+++ DATA SUPPLIED

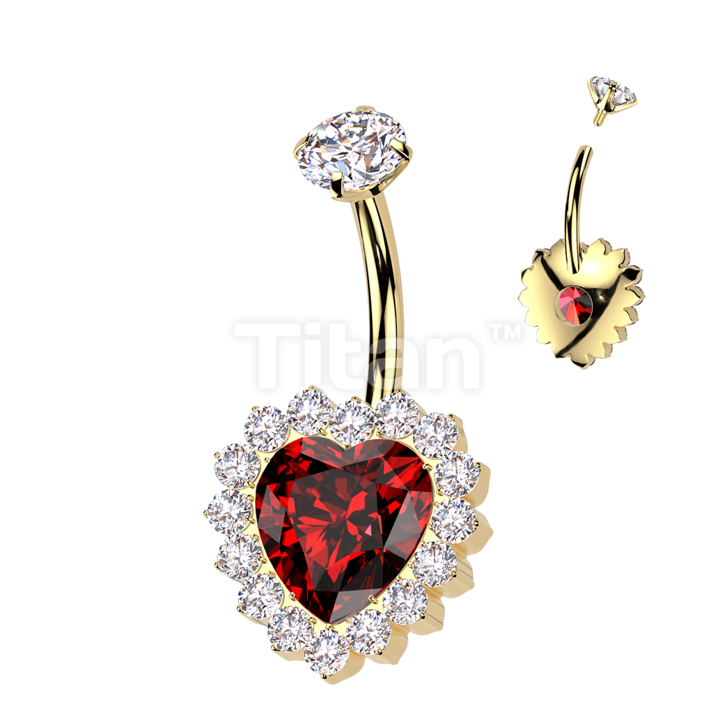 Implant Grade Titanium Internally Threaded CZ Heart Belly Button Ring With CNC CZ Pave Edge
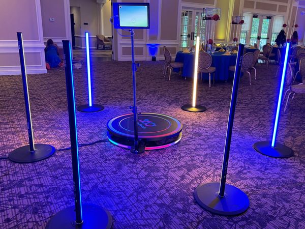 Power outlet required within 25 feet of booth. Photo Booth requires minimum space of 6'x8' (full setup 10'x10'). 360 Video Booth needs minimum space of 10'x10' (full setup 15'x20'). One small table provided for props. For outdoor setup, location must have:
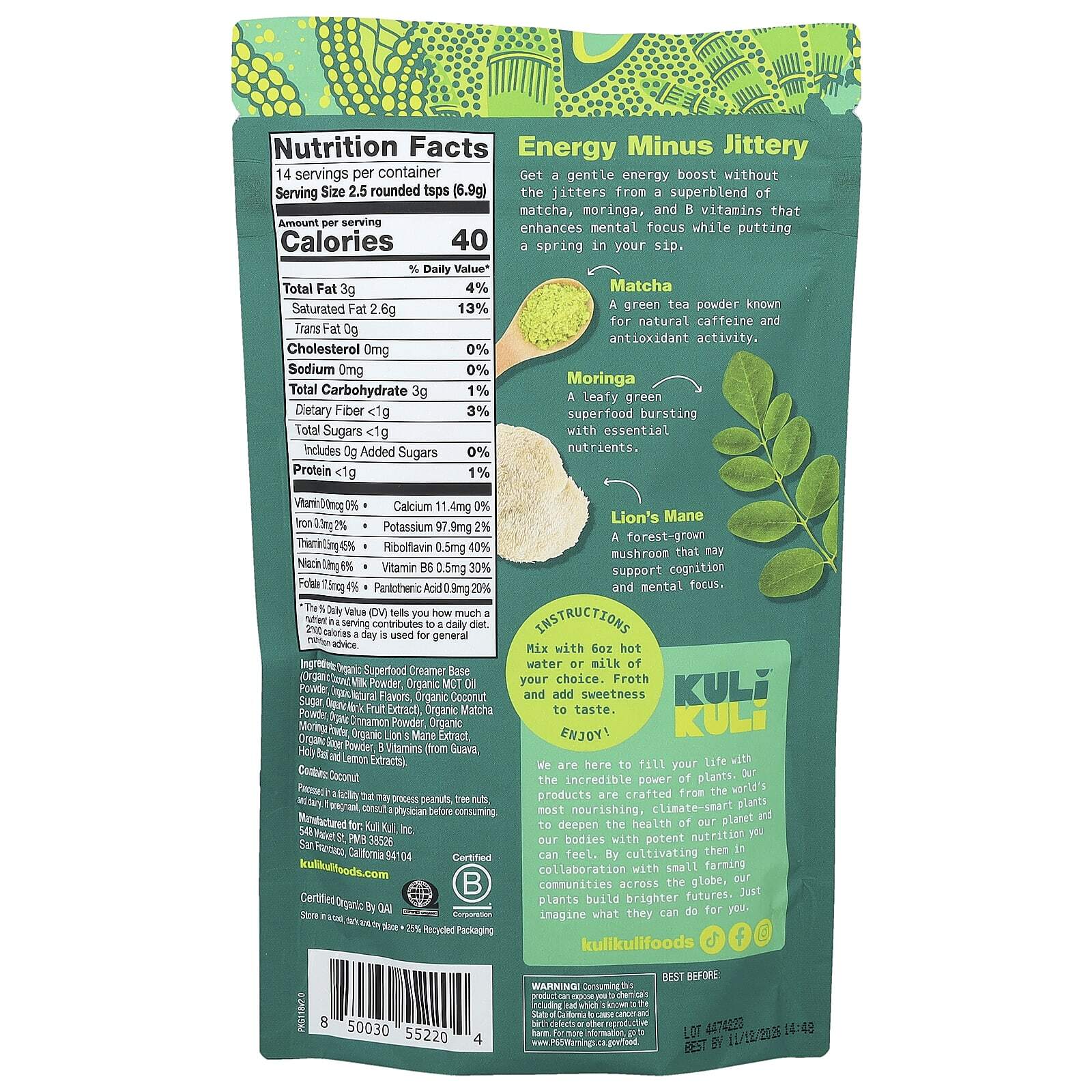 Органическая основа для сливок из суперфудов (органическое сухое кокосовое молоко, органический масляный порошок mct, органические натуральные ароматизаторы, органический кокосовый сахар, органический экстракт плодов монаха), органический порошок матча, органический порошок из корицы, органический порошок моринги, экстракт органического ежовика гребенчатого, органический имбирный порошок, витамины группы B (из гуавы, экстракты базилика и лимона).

++++++
+++ DATA SUPPLIED

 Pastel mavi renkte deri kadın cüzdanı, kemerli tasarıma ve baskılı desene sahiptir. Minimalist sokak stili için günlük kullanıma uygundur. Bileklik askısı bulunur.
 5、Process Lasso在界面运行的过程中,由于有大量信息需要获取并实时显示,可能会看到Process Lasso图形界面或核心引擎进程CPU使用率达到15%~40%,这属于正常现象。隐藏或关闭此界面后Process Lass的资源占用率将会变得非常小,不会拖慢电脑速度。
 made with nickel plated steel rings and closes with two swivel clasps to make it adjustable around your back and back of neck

++++++
+++ DATA SUPPLIED

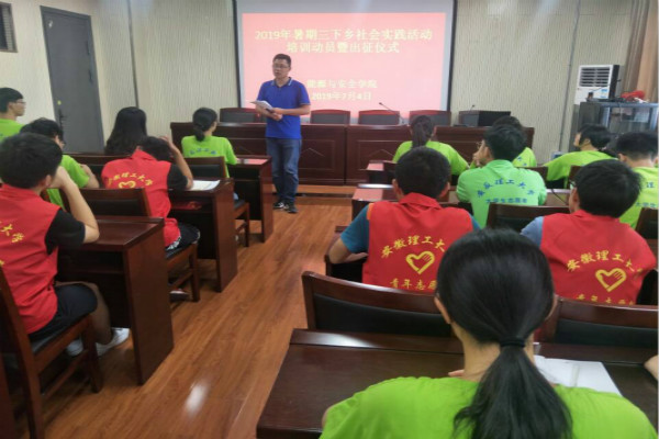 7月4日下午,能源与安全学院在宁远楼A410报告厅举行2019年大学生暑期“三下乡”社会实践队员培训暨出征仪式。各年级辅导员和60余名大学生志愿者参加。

++++++

> [WHAT THE TASK REQUIRES]:
Set down, exactly as they appear above, all lines from the one that has "Pastel mavi renkte" down to the one that has "made with nickel", including those two and no others.

> [EXERCISE OUTPUT]:
 Pastel mavi renkte deri kadın cüzdanı, kemerli tasarıma ve baskılı desene sahiptir. Minimalist sokak stili için günlük kullanıma uygundur. Bileklik askısı bulunur.
 5、Process Lasso在界面运行的过程中,由于有大量信息需要获取并实时显示,可能会看到Process Lasso图形界面或核心引擎进程CPU使用率达到15%~40%,这属于正常现象。隐藏或关闭此界面后Process Lass的资源占用率将会变得非常小,不会拖慢电脑速度。
 made with nickel plated steel rings and closes with two swivel clasps to make it adjustable around your back and back of neck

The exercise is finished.